Organisation - March 12, 2020

A Council: what’s in it for me?

Text:
Albert Sikkema

In a series of four articles, Resource talks to members of WUR’s various participatory bodies. People have until 22 April to put themselves forward as candidates. The elections will run from 2 to 6 June 2020.

Part 2: Julia Diederen, who teaches Food Chemistry. ‘I was pleasantly surprised by the amount of time it took’

Like many Wageningen scientists, Julia Diederen does not want to run for the next WUR Council. ‘I am already drowning in work. I’m on the Food Technology programme committee, for example. I would have to give that up, and I’m not going to do that.’

And yet this past year she has been an ‘external member’ of the WUR Council, on the committee tasked with evaluating the Extended Daytime Schedule.

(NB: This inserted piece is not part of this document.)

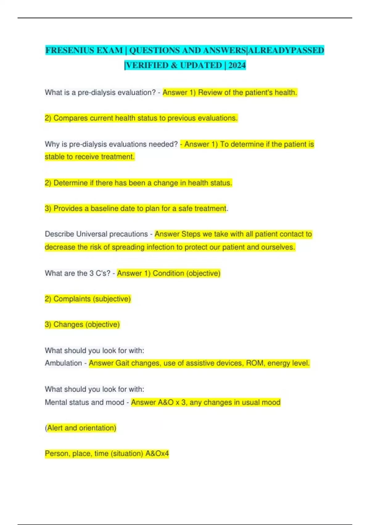 FRESENIUS EXAM | QUESTIONS AND ANSWERS|ALREADYPASSED |VERIFIED & UPDATED | 2024 What is a pre-dialysis evaluation? - Answer 1) Review of the patient's health. 2) Compares current health status to previous evaluations. Why is pre-dialysis evaluations needed? - Answer 1) To determine if the patient is stable to receive treatment. 2) Determine if there has been a change in health status. 3) Provides a baseline date to plan for a safe treatment. Describe Universal precautions - Answer Steps we take with all patient contact to decrease the risk of spreading infection to protect our patient and ourselves. What are the 3 C's? - Answer 1) Condition (objective) 2) Complaints (subjective) 3) Changes (objective) What should you look for with: Ambulation - Answer Gait changes, use of assistive devices, ROM, energy level. What should you look for with
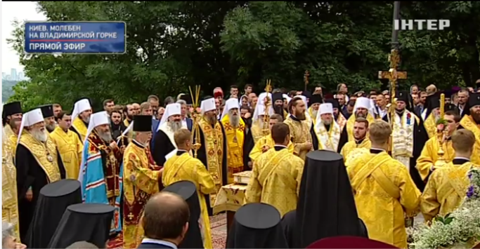 Today, on the eve of the feast of the holy Equal-to-the-Apostles Prince Vladimir and the Day of the Baptism of Rus’, and the occasion of the celebration of the 25th anniversary of the historical Kharkov Council of Bishops, the primate of the Ukrainian Orthodox Church (UOC) His Beatitude Metropolitan Onuphry led the festive moleben at the monument to the Baptizer of Rus’ at Vladimir Hill in Kiev, reports the Information-Enlightenment Department of the UOC.

‘I’m on a committee of three teachers and three students that oversees the evaluation of the new timetable, conducted last year by Education & Student Affairs (ESA). I was pleasantly surprised by the amount of time it took. In total, I attended about eight meetings, and it cost me two hours a month at the most. I didn’t have to organize anything, I could just pull up a chair and join in. We got data from the ESA, we asked critical questions and made suggestions. I learned about how WUR is organized. And I could tell the committee what I’ve heard in discussions about the timetable among teachers. I also helped improve the ESA’s survey for the teachers, because I create surveys for course evaluations and I know what questions to ask.

Would I do it again? Why not? I think the works councils could ask staff more often to join them for a while to help think something through. It’s a way of getting more people involved in the councils.